Hay, por último, un fondo elitista y un sesgo profesional en la demasiada


queja pública. El país catastrófico o simplemente impresentable que retrata
día con día el círculo rojo no coincide con el país del esfuerzo, a veces del
estoicismo, en que viven y trabajan millones de mexicanos, sin tiempo para
quejarse y sin recibir pago por hacerlo, como es el caso de los profesionales
de la opinión pública, cuya credibilidad depende de su tono crítico... y de la
fuerza de su queja.

Me incluyo, desde luego, en lo que digo.

IV. LA QUEJA HISTÓRICA

En épocas de conmemoraciones históricas, como las que nos aquejan, la


queja del presente contamina la visión del pasado.

El pasado aparece también como un escenario catastrófico, indigno de


celebración. Se instala con facilidad la queja retrospectiva. “Nada hemos
hecho bien”, o su hermana gemela, la queja presentista: “Nada tenemos
hoy digno de nuestro pasado”.

La madrastra gruñona de las dos hermanas es la queja apocalíptica:


“Estamos tan mal que habrá otra vez una revolución”.
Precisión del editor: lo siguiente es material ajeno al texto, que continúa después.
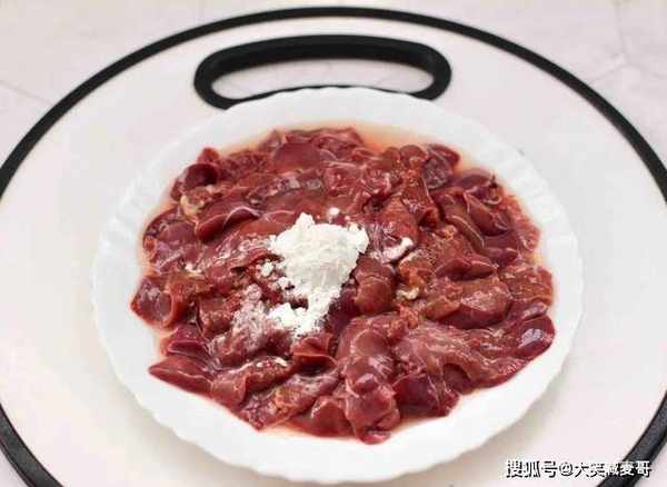 3.切好的鸡肝继续用面粉抓洗几遍,洗去血水,然后开始腌制,先加一勺淀粉。

La queja del presente contamina el pasado mediante un mecanismo típico:


se juzga lo sucedido en siglos por lo sucedido el día de ayer, se juzgan
épocas y logros históricos por las malas noticias del diario de la semana
pasada, el año que termina o el gobierno anterior.
¿Cómo podemos decir que México ha avanzado si los narcos se matan
salvajemente a plena luz del día? ¿Cómo podemos decir que hay algo que
celebrar si la mitad de la población está en la pobreza?
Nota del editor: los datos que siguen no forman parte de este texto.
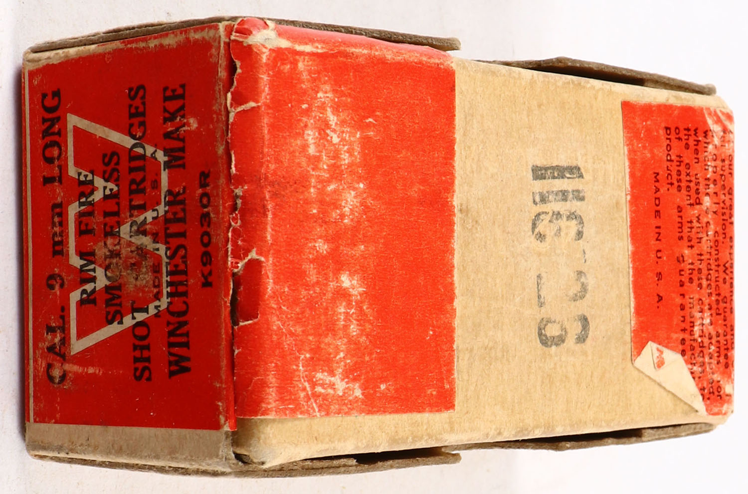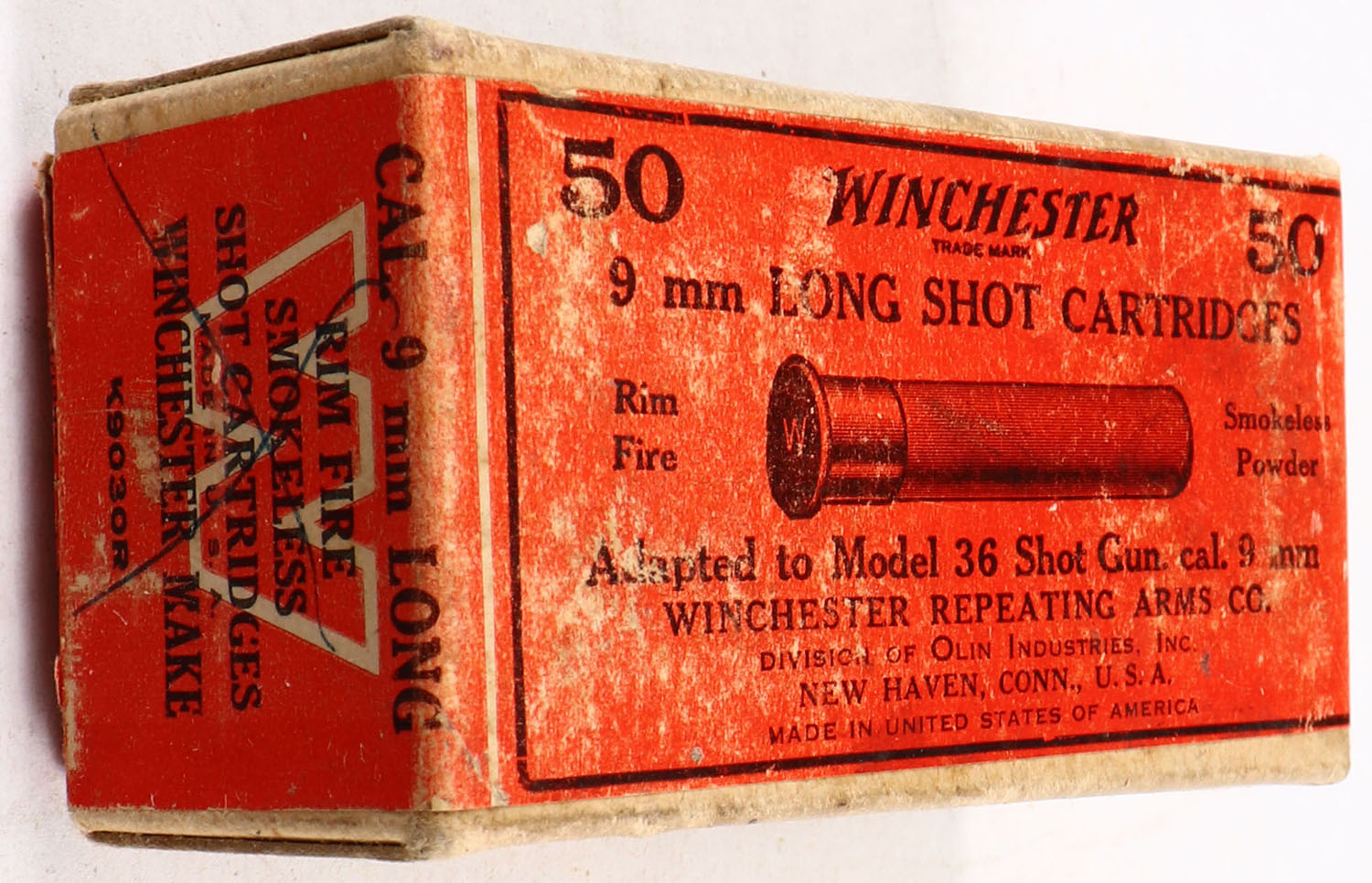 Winchester, Long Shot Cartridges, 9mm Rim Fire, Smokeless Powder, Full, 2pc. Buff box with red wraparound label, box is solid with very good to excellent color, some shelf wear, very minor edge & corner wear, label is intact, ammo is excellent. Grade: Excellent - Value: 150 to 450

Los criterios para medir la historia no pueden ser los mismos que aquellos
con los que hacemos la crítica del presente. Es confundir el telescopio con la
lupa de aumento.

En todos los órdenes, México ha pasado por épocas infinitamente peores de


las que vive hoy, empezando por la violencia y la pobreza, para no hablar de
la gobernabilidad, la economía, la salud o la educación.

Se dirá que México no ha logrado ser lo que se propuso desde su fundación:


un país civilizado, próspero y equitativo. Cierto, pero no había sido nunca un
país democrático y ya lo es.

En búsqueda de la civilización, la libertad y la igualdad, que siguen siendo


sus ideales rectores, México no ha sido nunca, ni en sus momentos más
violentos y sombríos, un país capaz de la barbarie desnuda de que han sido
capaces países a los que admiramos.

No ha salido de nuestro país nada parecido a la carnicería napoleónica que


transformó Europa, a la ferocidad tecnológica de las matanzas en las
trincheras de la Primera Guerra Mundial, a los bombardeos de población
civil indefensa en la segunda, al holocausto judío o al lanzamiento
preventivo de bombas atómicas sobre Hiroshima y Nagasaki.

No hay nada en el presente, tampoco, que se parezca a los peores


momentos históricos de violencia y desgobierno: ni a la guerra de
Independencia, ni a las guerras de Reforma y de intervención del siglo XIX,
ni a la guerra civil o a la guerra Cristera del siglo XX.

Somos un país considerablemente mejor que el que hemos sido, aunque el


país que somos sea tan imperfecto que justifique nuestras quejas.

V. QUEJA Y DEMOCRACIA

Es probable que la intensidad de las quejas públicas sea un indicador de la


intensidad de la vida democrática. En el extremo vicioso de la crítica que es
la queja hay un fondo de salud, incluso de vigor intelectual y político, que no
mejora la calidad de los quejosos pero expresa la energía democrática de la
vida pública.

La dictadura y el autoritarismo temen la crítica, acallan la queja. La


democracia se nutre y se refleja en ellas. La aparente debilidad de los
poderes asaltados por la crítica y abrumados por la queja es la raíz de su
verdadera fortaleza: puede resistir sin derrumbarse la diversidad crítica y la
ubicuidad de la queja.

Garantizar que haya un ambiente de crítica y de queja, es responsabilidad


de la democracia. La calidad de la crítica y de las quejas es responsabilidad
de los ciudadanos y de los medios.

Junto con su extremo vicioso que es la queja, la crítica ha florecido en los


medios de México, y se multiplica geométricamente en internet.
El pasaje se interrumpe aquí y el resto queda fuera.